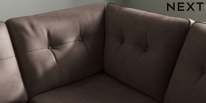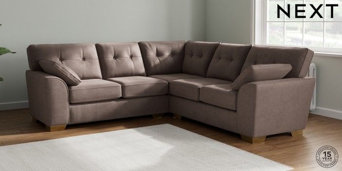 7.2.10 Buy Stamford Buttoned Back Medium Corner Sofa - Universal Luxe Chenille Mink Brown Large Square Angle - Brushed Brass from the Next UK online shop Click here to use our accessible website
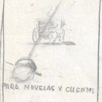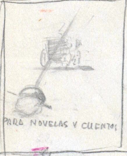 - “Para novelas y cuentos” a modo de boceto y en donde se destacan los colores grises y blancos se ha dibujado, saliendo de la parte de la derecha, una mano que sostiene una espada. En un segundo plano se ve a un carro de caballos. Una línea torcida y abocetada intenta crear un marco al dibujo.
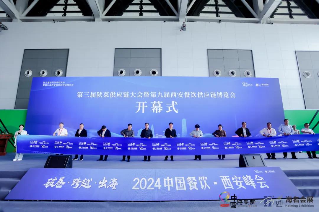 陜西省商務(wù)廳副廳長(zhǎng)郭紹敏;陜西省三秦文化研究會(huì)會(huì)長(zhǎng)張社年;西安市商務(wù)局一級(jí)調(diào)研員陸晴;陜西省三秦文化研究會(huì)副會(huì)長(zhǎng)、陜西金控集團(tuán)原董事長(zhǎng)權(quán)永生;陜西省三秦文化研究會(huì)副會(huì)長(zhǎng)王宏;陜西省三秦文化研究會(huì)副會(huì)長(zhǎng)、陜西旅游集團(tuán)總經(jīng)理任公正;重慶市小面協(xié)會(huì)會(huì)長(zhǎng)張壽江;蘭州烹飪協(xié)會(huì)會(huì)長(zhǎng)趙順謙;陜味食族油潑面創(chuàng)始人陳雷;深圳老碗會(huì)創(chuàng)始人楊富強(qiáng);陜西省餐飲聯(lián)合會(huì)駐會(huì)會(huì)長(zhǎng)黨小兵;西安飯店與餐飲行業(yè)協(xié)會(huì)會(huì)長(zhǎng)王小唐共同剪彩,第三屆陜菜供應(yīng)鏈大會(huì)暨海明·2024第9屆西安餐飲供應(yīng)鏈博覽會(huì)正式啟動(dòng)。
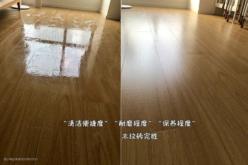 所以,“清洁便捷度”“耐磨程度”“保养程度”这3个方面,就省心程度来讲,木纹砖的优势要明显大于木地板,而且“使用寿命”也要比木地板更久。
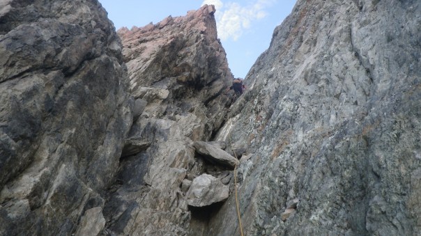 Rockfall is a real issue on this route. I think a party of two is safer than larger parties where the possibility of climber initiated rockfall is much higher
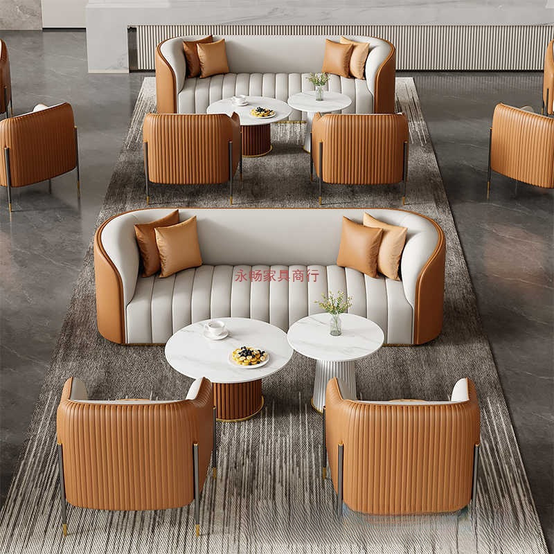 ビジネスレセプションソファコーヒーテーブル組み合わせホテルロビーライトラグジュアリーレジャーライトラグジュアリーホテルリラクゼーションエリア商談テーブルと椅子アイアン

...

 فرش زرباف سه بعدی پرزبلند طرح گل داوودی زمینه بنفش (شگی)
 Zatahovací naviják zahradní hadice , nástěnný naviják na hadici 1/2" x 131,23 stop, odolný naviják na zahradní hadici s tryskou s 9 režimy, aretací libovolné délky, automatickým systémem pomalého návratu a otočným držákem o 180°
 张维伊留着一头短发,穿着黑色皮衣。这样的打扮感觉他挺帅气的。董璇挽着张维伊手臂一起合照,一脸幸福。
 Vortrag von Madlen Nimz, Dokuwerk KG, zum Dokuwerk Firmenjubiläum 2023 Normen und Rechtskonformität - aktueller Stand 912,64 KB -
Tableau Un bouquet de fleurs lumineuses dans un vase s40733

● THE PROBLEM:
What should come back is an exact copy of the lines above from the line with "7.2.10 Buy Stamford" to the line with "marco al dibujo.", both included, minus the pictures.

● ANSWER TO THIS PROBLEM:
 7.2.10 Buy Stamford Buttoned Back Medium Corner Sofa - Universal Luxe Chenille Mink Brown Large Square Angle - Brushed Brass from the Next UK online shop Click here to use our accessible website
 - “Para novelas y cuentos” a modo de boceto y en donde se destacan los colores grises y blancos se ha dibujado, saliendo de la parte de la derecha, una mano que sostiene una espada. En un segundo plano se ve a un carro de caballos. Una línea torcida y abocetada intenta crear un marco al dibujo.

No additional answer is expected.